Thats all I put down.


----------



## Danny Lilithborne (Oct 29, 2005)

Russell Crowe, the end.


----------



## Pulp Fiction (Oct 29, 2005)

*brad pitt-* i just dont like him he cant act at all only good acting he did was in fight club


----------



## David10000 (Nov 1, 2005)

I agree Paris Hilton is horrific when she acts.


----------



## Keyser S?ze (Nov 1, 2005)

how about ben affleck? lol. i agree though i hate jimmy fallons acting. almost as much as i hate any singers acting.


----------



## Danny Lilithborne (Nov 1, 2005)

Paris Hilton doesn't really act, it's more like yet another of the things she gets to do because her parents have kajillion dollars.

And I really don't get the hate for Ben Affleck, or Keanu Reeves for that matter.  I like them both.

I pretty much despise Russell Crowe because he _still_ uses method acting which died in the 70s, and he pretty much acts like a huge baby in person.  He's like a "Golden Age" studio actor, teleported to the modern era.

As for actresses, I dunno... I don't really hate that many people.  I guess Oprah Winfrey, even though the only relevant thing she ever did was "The Color Purple" (don't bring up that piece of dogshit called "Beloved" unless you want to be eternally scoffed).


----------



## less (Nov 1, 2005)

Worst actor/actress = Keanu reeves.

If you disagree, you obviously haven't seen The Matrix, which means that if you disagree, you're lying.


----------



## Jek (Nov 1, 2005)

Well its gotta be Milla in RE-movies heheheheh


----------



## Danny Lilithborne (Nov 1, 2005)

breastpadsgotbouncier said:
			
		

> Worst actor/actress = Keanu reeves.
> 
> If you disagree, you obviously haven't seen The Matrix, which means that if you disagree, you're lying.



I've seen The Matrix.  He plays the role of "guy who can't believe what is happening to him" pretty perfectly throughout the (shittily-written) trilogy.


----------



## Sagaki (Nov 1, 2005)

The freakin' Rock... why do they put him in movies?


----------



## CrazyMoronX (Nov 1, 2005)

The Rock.
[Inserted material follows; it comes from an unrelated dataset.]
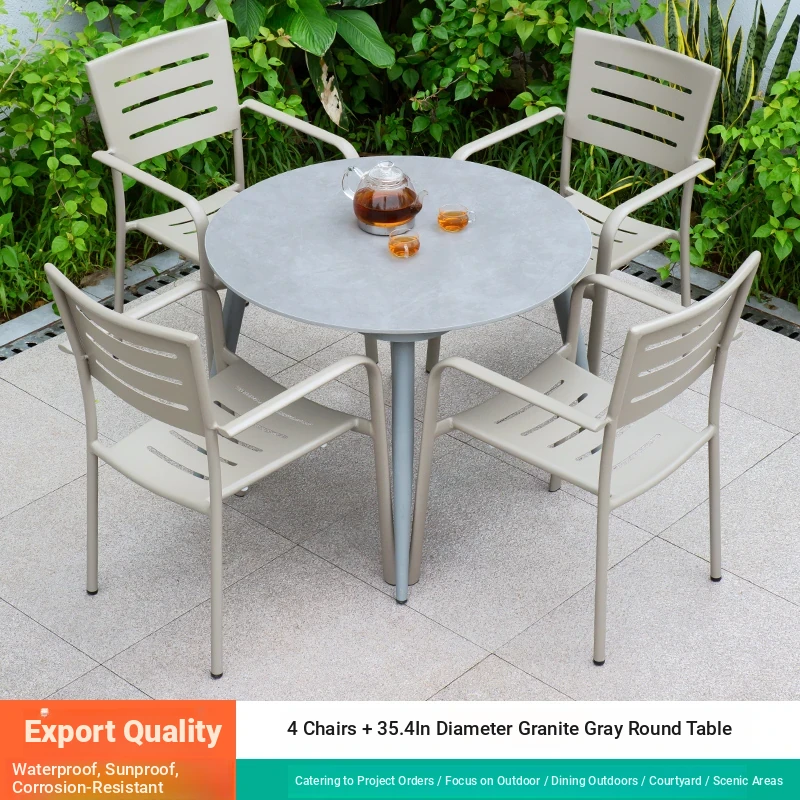 4+1: aluminum alloy flat tube chair + [diameter 35.43in general limestone board round table]](4+1: aluminum alloy flat tube chair + [diameter 35.43in general limestone board round table]])

He is in movies because he sells tickets, but he is terrible.

I'm usually too busy staring and oogling at women in movies to judge their acting abilities.


----------



## Deadpool (Nov 1, 2005)

Hey, I liked standing tall. But yea he needs to read the script before he signs on. THe funny thing is he is slated to play Johnny Bravo and be the driver character that spy car game which title escaped me. Oh yea Van damn is crappy actor to. plus Chuck Norris is awful. *does a round house kick to all bad actors.


----------



## JAPPO (Nov 2, 2005)

Hilary duff
Me


----------



## Kno7 (Nov 2, 2005)

Usually the worst actors are singers that try to act.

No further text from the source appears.